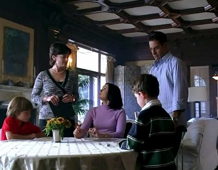 The Petrelli Family deliberate about campaign postcards in the family room of their home.
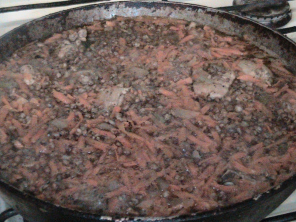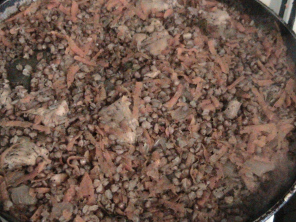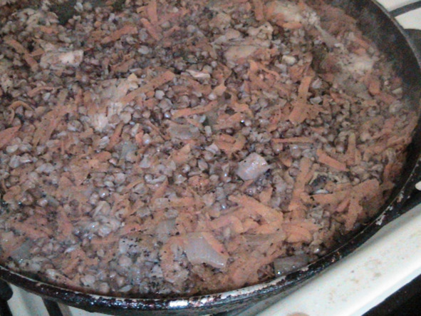 «Плов из гречки. В этот раз „жаровня для плова“ – у меня теперь уже есть! Ведь для плова – нужна именно глубокая сковородка: с высокими „бортами“! Или утятница! В маленькой чугунной – хороший, НАСТОЯЩИЙ, ароматный плов не приготовить!»
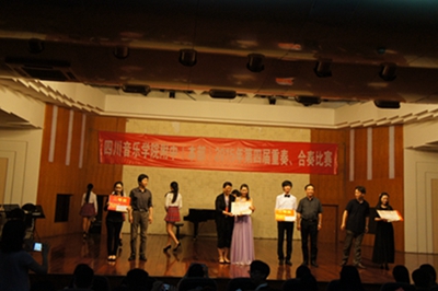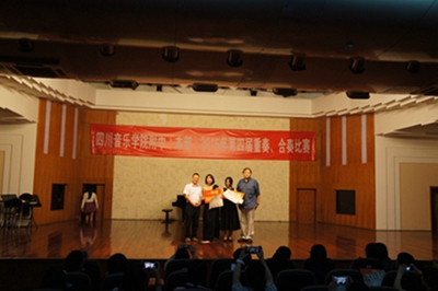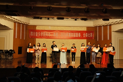 最后,由蔡校长宣布获奖名单,孙院长、评委老师以及附中各级领导分别为获奖选手颁奖并合影。在老师、家长、同学们的阵阵欢呼声中,附中第四届重奏、合奏比赛圆满落幕。
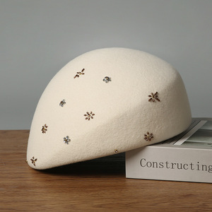 秋冬季新款时尚羊毛韩版水钻花朵装饰英伦蓓蕾帽优雅女士帽子批发
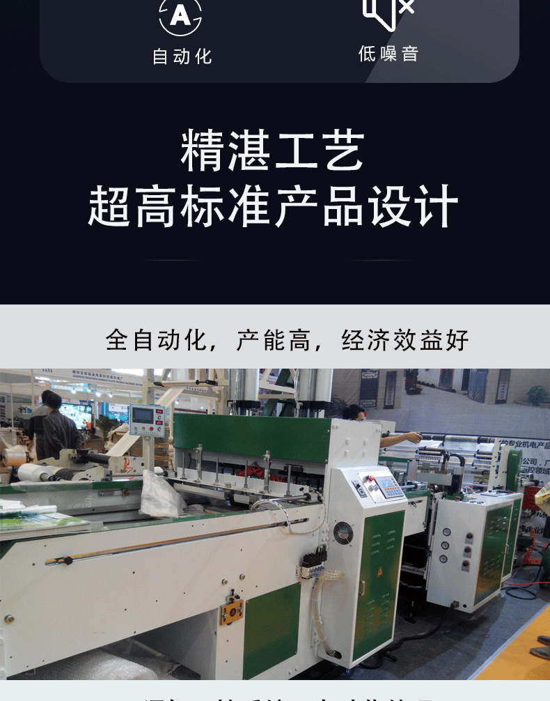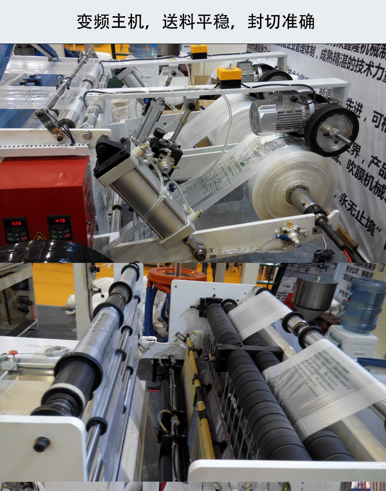 *主機(jī)采用變頻器調(diào)速,自動送料,配自動糾偏裝置,使制袋平穩(wěn),封切準(zhǔn)確。
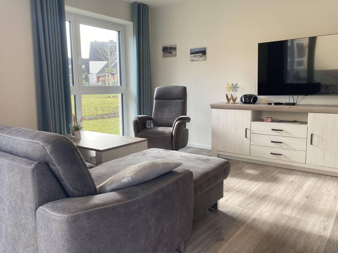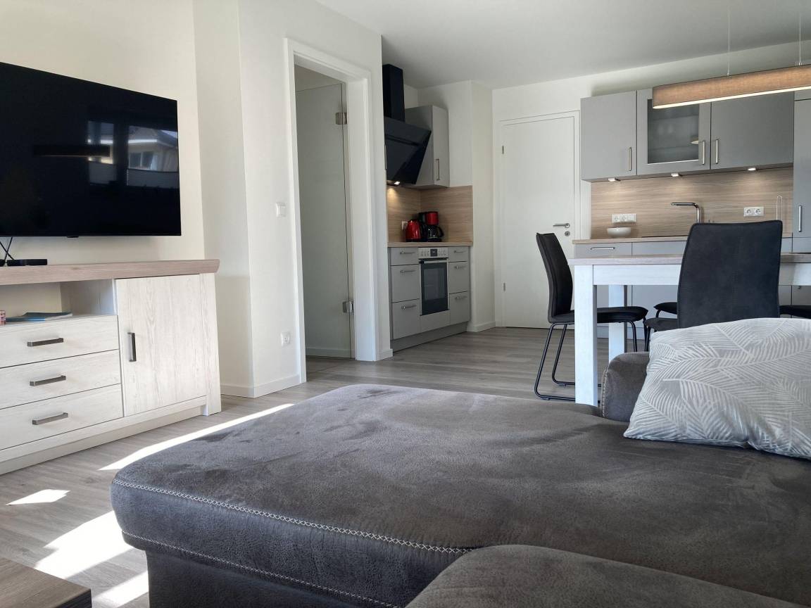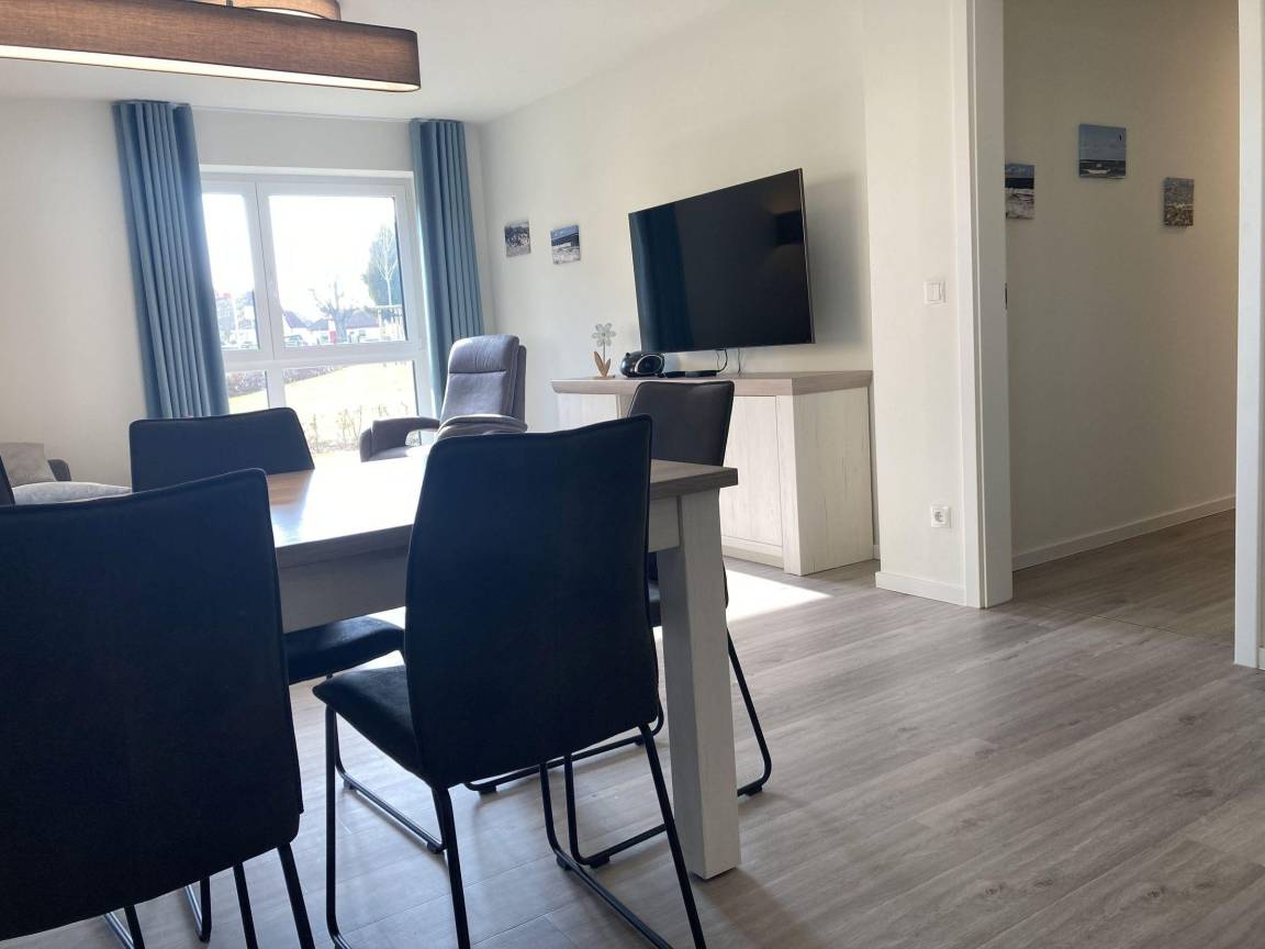 Die Ferienwohnung "Dahmer Dünen – AuszeitOstsee" bietet auf 88 m² ein modernes Drei-Zimmer-Appartement im Erdgeschoss, nur 300 m vom Dahmer Sandstrand entfernt. Der helle Wohnraum ist mit einem Sofa, einem Sessel und einem Flatscreen-Smart-TV ausgestattet und schließt eine offene, voll ausgestattete Küche mit Essplatz für vier Personen ein. Zwei Schlafzimmer verfügen jeweils über hochwertige Boxspringbetten (180 cm x 200 cm) und Kleiderschränke; eines besitzt zusätzlich einen Smart-TV. Das geräumige Tageslichtbad bietet eine bodentiefe Dusche und eine Sauna. Ein separates Gäste-WC sowie ein Abstellraum sind ebenfalls vorhanden. Die große, überdachte Terrasse lädt zum Entspannen ein und die Fußbodenheizung schafft stets wohlige Temperaturen. WLAN und ein PKW-Stellplatz gehören ebenfalls zur Ausstattung. Der gemeinschaftlich nutzbare Fahrradabstellplatz befindet sich auf dem Grundstück. Haustiere sind nicht erlaubt und das Rauchen ist untersagt.
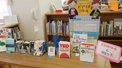 船橋希望中の図書室は夏休みも開室しています。涼しく静かな図書室は自習や読者にもってこいの空間です。さらに、ビブリオバトルコーナーもできていました。これは先日行われたビブリオバトル講演会で紹介された本ですね。チャンプ本の『穴』はすでに貸し出されていました。夏休み、充実した読者にも励んでもらいたいものです。
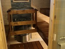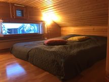 Yläkerrassa parvi, jossa neljä makuupaikkaa sekä erillinen parvi olohuoneessa, jossa kaksi makuupaikkaa, olohuoneessa vuodesohva.
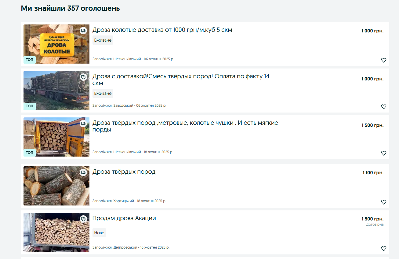Купити Дрова у Запоріжжі – OLX дає ціни нижчі від реальних
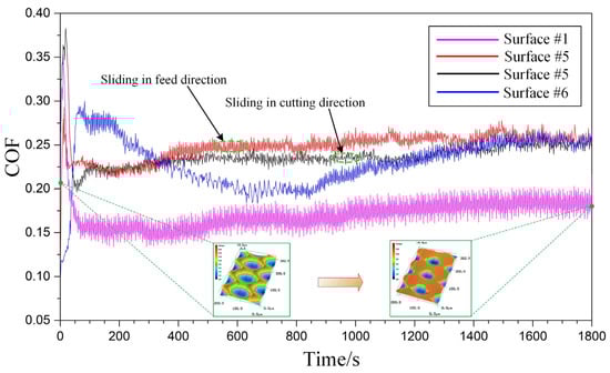 For surfaces #1, #5, and #6, the corresponding variation curves of COF within 30 min can be seen in Figure 10. The pink curve represents the COF of micro-dimpled surface #1, the red curve represents the COF of micro-grooved surface #5 sliding in the feed direction, the black curve represents the COF of micro-grooved surface #5 sliding in the cutting direction, and the blue curve represents the COF of polished surface #6. It can be seen that the curves of COF for the four surfaces all go through a running-in stage and then enter a stable stage. For the COF of polished surface #6, it takes a relatively long time to enter the stable stage, which is different from that of the micro-grooved surfaces. When the test time goes on for about 25 min, the curves of COF for the polished surface and micro-grooved surface gradually tend to be consistent. Through measuring the COF in the stable stage, the average values of surface #1, surface #5 (sliding in the feed direction), surface #5 (sliding in the cutting direction), and surface #6 are 0.170, 0.254, 0.237, and 0.232, respectively. The COF of micro-dimpled surface #1 is obviously smaller than that of the micro-grooved surface and polished surface, which can be respectively reduced by 33.1%, 28.3%, and 26.7%. Compared with the micro-grooved surface, when ultrasonic vibration is applied to the depth direction of turning under the same processing parameters, the specific continuous micro-dimples fabricated on the surface can greatly improve the friction performance. As shown in Figure 10, the previous continuous micro-dimples in the cutting direction have changed into the discrete dimples after the friction test, and the flat part between the residual dimples corresponds to the worn surface.
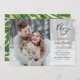 En bröllopsinbjudan med ett foto som sträcker sig över hela sidan, ett typografiskt överlägg som inkluderar dina initialer i ett monogram. Och den innehåller en vacker grön bladbakgrundsdesign.
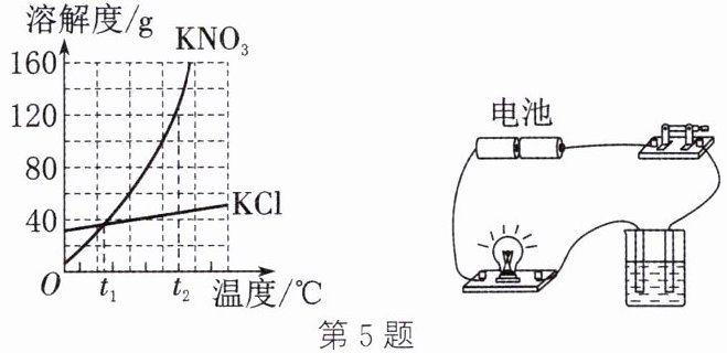 答案:5. D 解析:比较不同物质的溶解度需要指明温度,题中没有确定温度,不能说明$KNO_3$的溶解度大于KCl的溶解度,A错误;$t_1^{\circ}C$时,$KNO_3$和KCl溶解度相等,根据一定温度下饱和溶液的溶质质量分数=$\frac{S}{100\ g+S}×100\%$可知,$t_1^{\circ}C$时,饱和$KNO_3$溶液和饱和KCl溶液的溶质质量分数相等,但没有确定溶液是否饱和,故不能说明$t_1^{\circ}C$时$KNO_3$溶液和KCl溶液的溶质质量分数相等,B错误;$t_2^{\circ}C$时,向饱和KCl溶液中加入较稀的KCl溶液,溶液的溶质质量分数变小,单位体积内的离子个数变少,导电性变弱,则灯泡亮度变弱,C错误;将$t_2^{\circ}C$的两种物质的饱和溶液降温到$t_1^{\circ}C$,两种物质的溶解度都减小,都有晶体析出,溶液的溶质质量分数变小,溶液仍为饱和溶液,一定温度下饱和溶液的溶质质量分数为$\frac{S}{100\ g+S}×100\%$,溶解度越大,溶质质量分数越大,$t_1^{\circ}C$时,$KNO_3$和KCl溶解度相等,所得溶液的溶质质量分数相等,D正确。
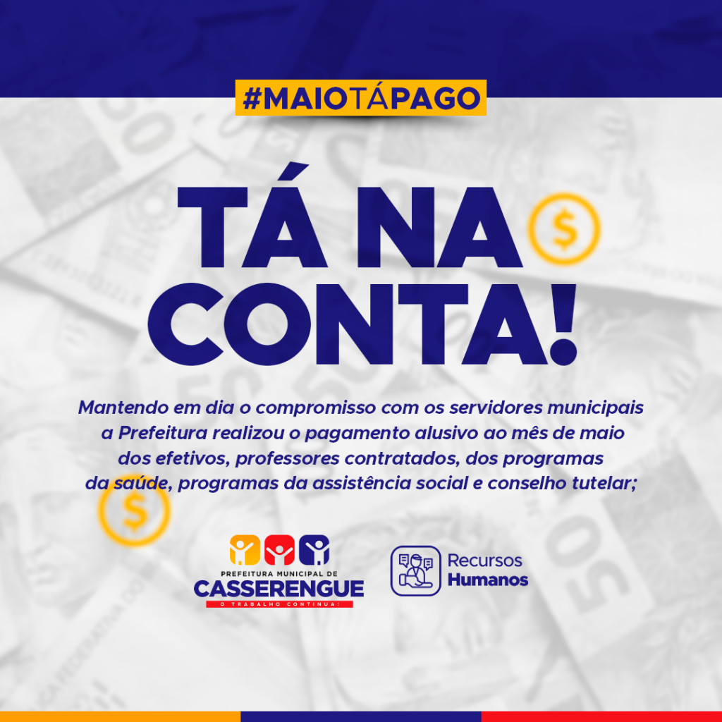 A Prefeitura de Casserengue realizou o pagamento alusivo ao mês de maio dos funcionários efetivos, professores contratados, programas de saúde, programas de assistência social e do conselho tutelar neste sábado (29/maio).
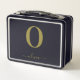 Monogram Script Name Personalised Black And Gold Metal Lunch Box
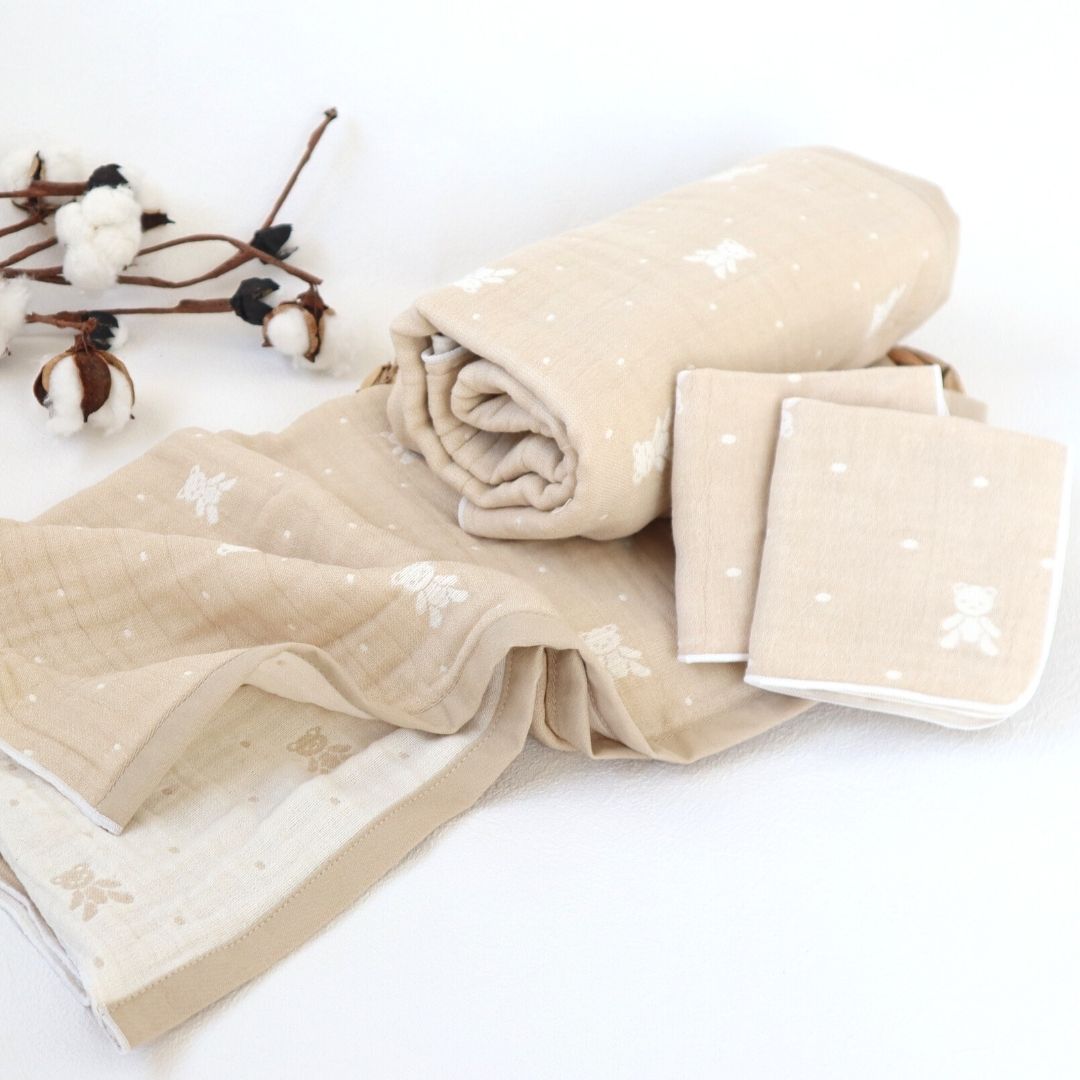 - 【babybear】多重ガーゼ タオルセット ベージュ ミニバスタオル ハンカチタオル 薄手 カーゼ 柔らかい 泉州南部織 MBT755匁 HC51匁 吸水力 速乾 日常使い 日用品 大阪府 泉佐野市 送料無料
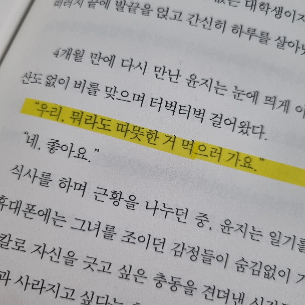 은은한 조명아래 모여든 사람들과 아늑한 책방에서 도대체 무얼 본 거지? 내게 무슨 일이 일어났기에 팔다리에 힘이 다 빠진 거지? 책과 작가, 독자, 책 속 인물들이 한데 엉겨 뒹굴었다. 아픔과 슬픔, 불안과 우울, 절망과 안도 등 온갖 감정이 내 안을 헤집고 다니며 힘을 쏘옥 빼놓더니 잠이 들고서야 겨우 차분해졌다.
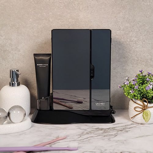 유토렉스 가정용 UV LED 살균 세라믹 히팅 건조기 소독 스탠드 벽걸이 블랙 미러 칫솔 살균기 UTC-83UV
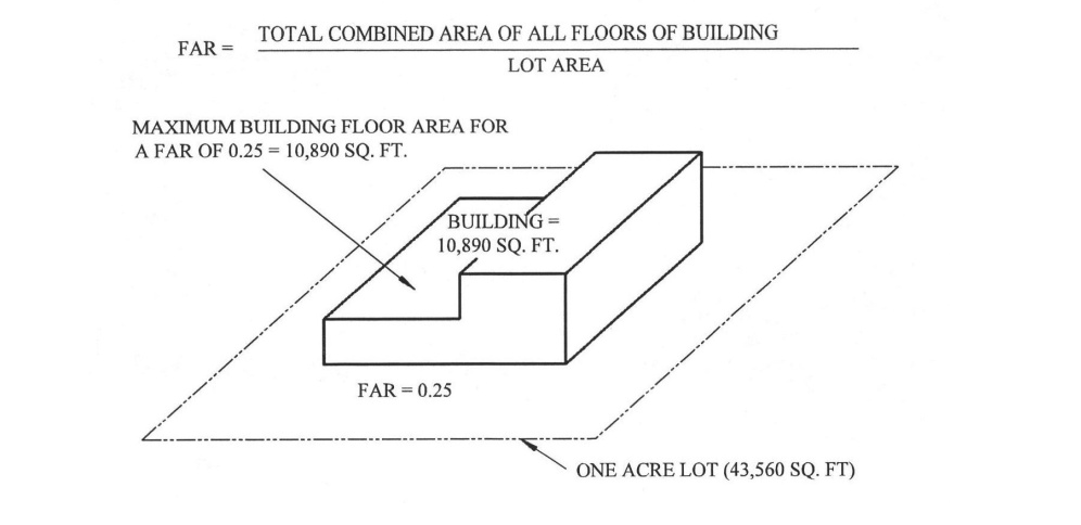 Building floor area, total: The total floor area of all floors of a building measured from the exterior face of exterior walls, but not including interior parking spaces, loading space for motor vehicles or any space where the floor to ceiling height is less than six feet.
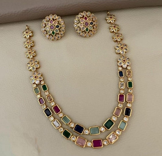 Premium Quality Gold-Plated Temple Jewelry Set with Red Stone Studded
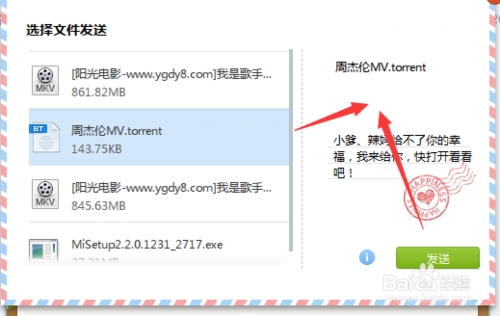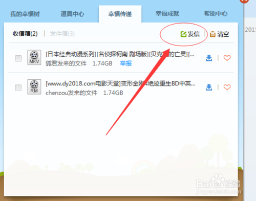 2、找到圖中的幸福傳遞選項(xiàng)選中后點(diǎn)擊發(fā)信進(jìn)入發(fā)信頁(yè)面.
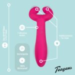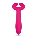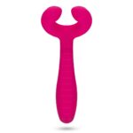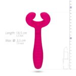 Met deze unieke vibrator voor koppels kunnen jullie beiden genieten van een spannend speeltje. Dit multifunctionele seksspeeltje kan aan beide uiteinden worden gebruikt. De ronde kant kan worden gebruikt als masturbator door de ring om de penis te schuiven en langzaam op en neer te bewegen. De binnenkant van de ring is genopt voor extra stimulatie. Ook kunnen de twee puntjes van de ring worden gebruikt voor een gerichte stimulatie van bijvoorbeeld de clitoris. De andere kant van de toy is vooral geschikt voor penetratie, zowel anaal als vaginaal. De schacht is voorzien van ribbels en hij heeft een gebogen design, waardoor hij ook de G-spot of prostaat goed kan verwennen. Beide uiteinden hebben een aparte motor die apart van elkaar te bedienen zijn. Zo kan de vibrator precies instellen zoals je zelf wil. Beide motoren hebben 7 verschillende standen, waarvan 3 snelheden en 4 patronen. Hou het powerknopje een paar seconden ingedrukt totdat de knopjes oplichten. Druk kort op de + knop om de vibraties in de stimulator aan te zetten en naar de volgende stand te gaan. Druk kort op de powerknop om de vibraties in de vibrator aan te zetten en naar de volgende stand te gaan. De toy is volledig waterproof en kan worden opgeladen met de bijgeleverde USB-kabel.

■ ■ ■ ■ ■ ■ ■

**Task objective**
Starting at the line above that holds "Monogram Script Name", return each line up to and including the one that holds "2、找到圖中的幸福傳遞選項(xiàng)", exactly as written, minus any pictures.

**Answer to the exercise**
 Monogram Script Name Personalised Black And Gold Metal Lunch Box
 - 【babybear】多重ガーゼ タオルセット ベージュ ミニバスタオル ハンカチタオル 薄手 カーゼ 柔らかい 泉州南部織 MBT755匁 HC51匁 吸水力 速乾 日常使い 日用品 大阪府 泉佐野市 送料無料
 은은한 조명아래 모여든 사람들과 아늑한 책방에서 도대체 무얼 본 거지? 내게 무슨 일이 일어났기에 팔다리에 힘이 다 빠진 거지? 책과 작가, 독자, 책 속 인물들이 한데 엉겨 뒹굴었다. 아픔과 슬픔, 불안과 우울, 절망과 안도 등 온갖 감정이 내 안을 헤집고 다니며 힘을 쏘옥 빼놓더니 잠이 들고서야 겨우 차분해졌다.
 유토렉스 가정용 UV LED 살균 세라믹 히팅 건조기 소독 스탠드 벽걸이 블랙 미러 칫솔 살균기 UTC-83UV
 Building floor area, total: The total floor area of all floors of a building measured from the exterior face of exterior walls, but not including interior parking spaces, loading space for motor vehicles or any space where the floor to ceiling height is less than six feet.
 Premium Quality Gold-Plated Temple Jewelry Set with Red Stone Studded
 2、找到圖中的幸福傳遞選項(xiàng)選中后點(diǎn)擊發(fā)信進(jìn)入發(fā)信頁(yè)面.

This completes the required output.